__Instructions for the task__.
Return the listing below exactly. Leave its pictures out.

__Material for this exercise__.
------------------------------

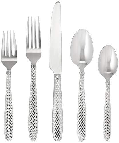 Wallace Reins Flatware Set features an eye-catching herringbone weave design on the handle that will add distinctive style to your table. Crafted of premium 18/10 stainless steel to deliver outstanding beauty and performance. 20 piece flatware set, service for four, includes (4) each: dinner fork, salad fork, dinner knife, dinner spoon and teaspoon. Dishwasher safe.
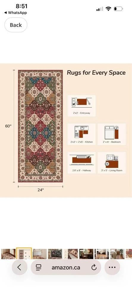 Hallway Runner Rug, 2x5 Washable
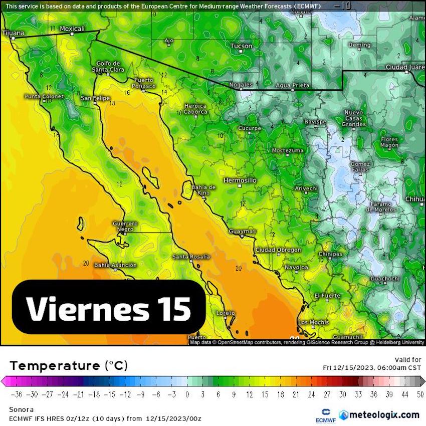 Pronóstico del tiempo para este día viernes; temperaturas máximas de entre 19 a 29 grados, sin posibilidad de lluvia en Sonora.
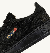 Autry presents Bloom, the new capsule collection celebrating femininity in all its shades. The silhouettes of the brand's most iconic sneakers are reimagined with sophisticated details and unexpected textures: from velvet to laminated leather, from nubuck leather to suede. Each style reveals a distinctive personality, made unique by romantic floral embroidery, sparkling sequins and crystals, bold graphic micro-studs, or oversized bows. Every sneaker becomes a statement of style—a genuine, free expression of self. SPECIFICATIONS: - Suede and micro-rhinestone upper. - Flat laces in cotton. - Embroidery label detailing seamed at the tongue. - Jacquard logo. - Padded collar. - Leather and cotton terry lining. - 2 cm-high raised sockliner in leather. - Rubber sole. - Height of sole: 2.5-3.5 cm. - Personalized shoe bag in fabric. COMPOSITIONS: Upper: 100% suede with rhinestones Lining: 40% leather, 50% cotton terry, 10% nylon Sole: 100% rubber
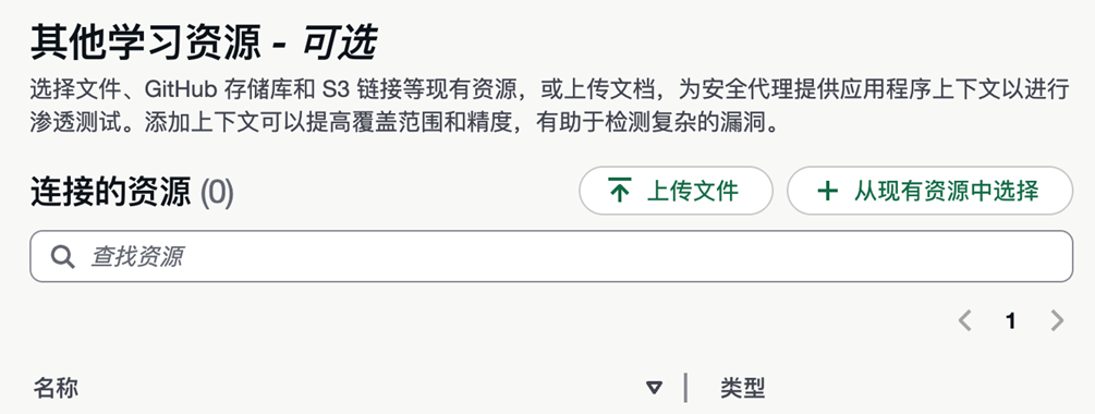 上传应用的上下文材料——源代码、API 文档(OpenAPI/Swagger)、架构图、威胁模型等。Agent 分析这些材料后能更深入地理解应用的业务逻辑,生成更有针对性的测试用例。
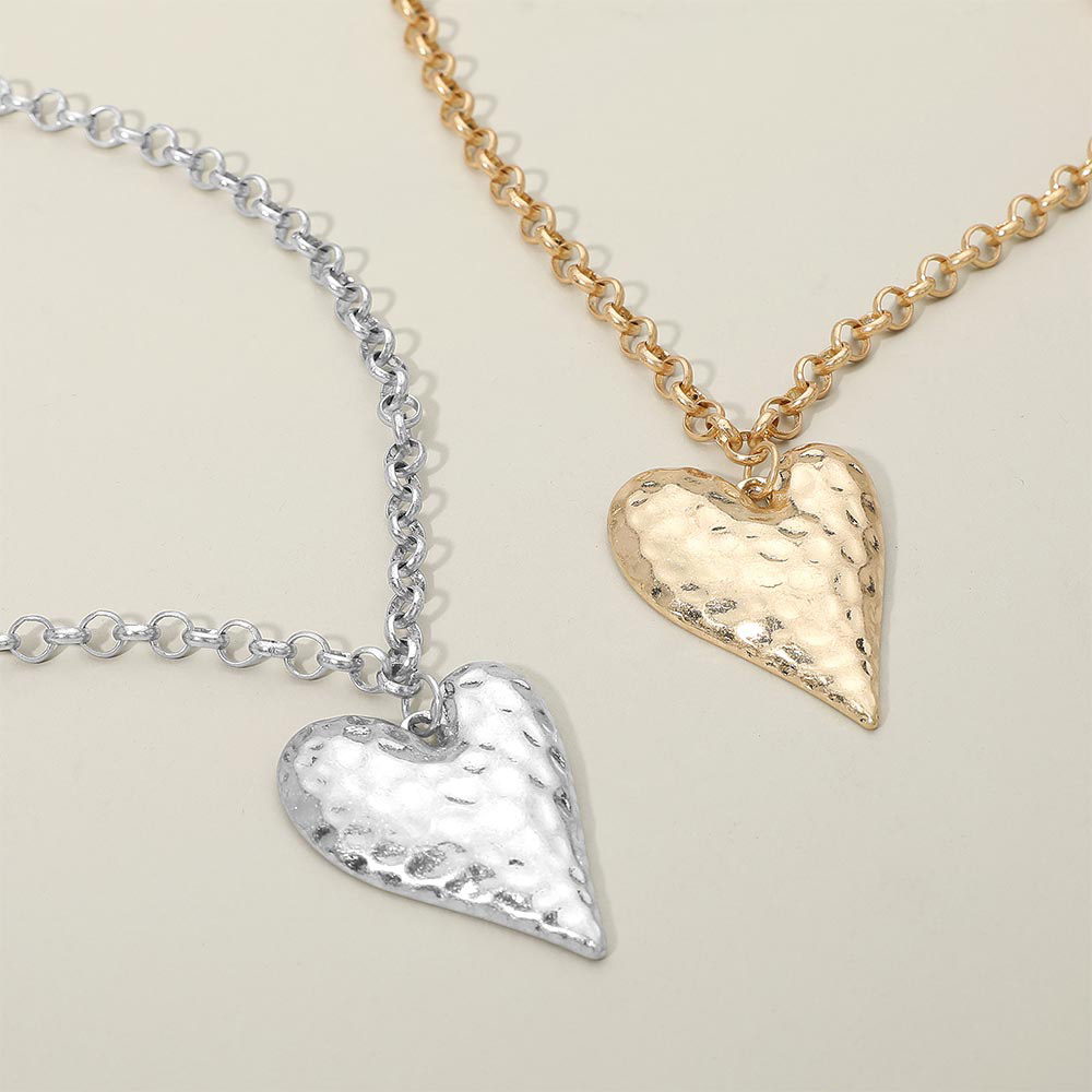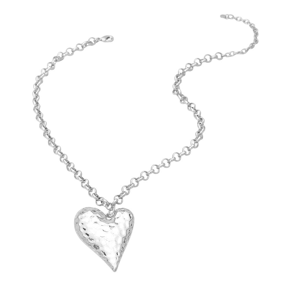 • Elevate your look with this hammered heart pendant chain necklace featuring a bold link design and sculpted heart charm. A modern statement accessory perfect for everyday wear, gifting, or styling with layered jewelry for added impact.
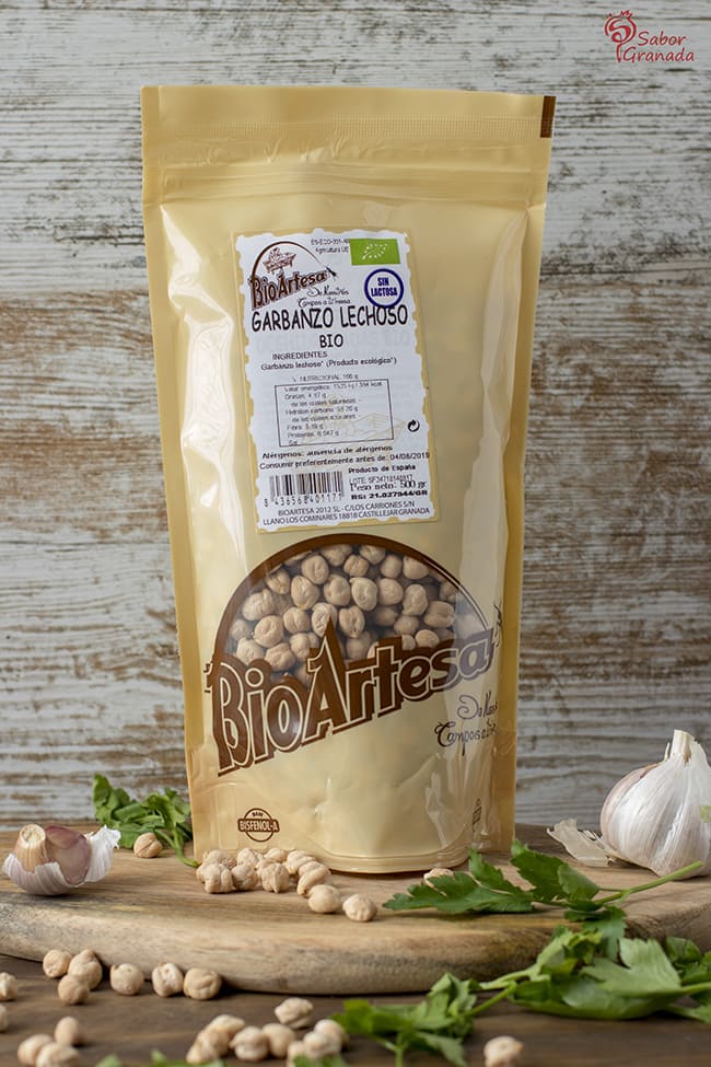 He usado los garbanzos lechosos de Bioartesa, una empresa de Castillejar, adherida a Sabor Granada, cuya finalidad es acercar los productos frescos, ecológicos y locales a nuestra mesa. Desde panes, magdalenas, galletas ecológicas, todo ello pasando por frutas deshidratadas, frutos secos, especias, pastas, legumbres, infusiones, harinas, y acabando hasta con un vino blanco ecológico comercializan. Un amplio catálogo que seduce por su variedad y además por ser ecológico.

------------------------------

__Answer area__.
 Wallace Reins Flatware Set features an eye-catching herringbone weave design on the handle that will add distinctive style to your table. Crafted of premium 18/10 stainless steel to deliver outstanding beauty and performance. 20 piece flatware set, service for four, includes (4) each: dinner fork, salad fork, dinner knife, dinner spoon and teaspoon. Dishwasher safe.
 Hallway Runner Rug, 2x5 Washable
 Pronóstico del tiempo para este día viernes; temperaturas máximas de entre 19 a 29 grados, sin posibilidad de lluvia en Sonora.
 Autry presents Bloom, the new capsule collection celebrating femininity in all its shades. The silhouettes of the brand's most iconic sneakers are reimagined with sophisticated details and unexpected textures: from velvet to laminated leather, from nubuck leather to suede. Each style reveals a distinctive personality, made unique by romantic floral embroidery, sparkling sequins and crystals, bold graphic micro-studs, or oversized bows. Every sneaker becomes a statement of style—a genuine, free expression of self. SPECIFICATIONS: - Suede and micro-rhinestone upper. - Flat laces in cotton. - Embroidery label detailing seamed at the tongue. - Jacquard logo. - Padded collar. - Leather and cotton terry lining. - 2 cm-high raised sockliner in leather. - Rubber sole. - Height of sole: 2.5-3.5 cm. - Personalized shoe bag in fabric. COMPOSITIONS: Upper: 100% suede with rhinestones Lining: 40% leather, 50% cotton terry, 10% nylon Sole: 100% rubber
 上传应用的上下文材料——源代码、API 文档(OpenAPI/Swagger)、架构图、威胁模型等。Agent 分析这些材料后能更深入地理解应用的业务逻辑,生成更有针对性的测试用例。
 • Elevate your look with this hammered heart pendant chain necklace featuring a bold link design and sculpted heart charm. A modern statement accessory perfect for everyday wear, gifting, or styling with layered jewelry for added impact.
 He usado los garbanzos lechosos de Bioartesa, una empresa de Castillejar, adherida a Sabor Granada, cuya finalidad es acercar los productos frescos, ecológicos y locales a nuestra mesa. Desde panes, magdalenas, galletas ecológicas, todo ello pasando por frutas deshidratadas, frutos secos, especias, pastas, legumbres, infusiones, harinas, y acabando hasta con un vino blanco ecológico comercializan. Un amplio catálogo que seduce por su variedad y además por ser ecológico.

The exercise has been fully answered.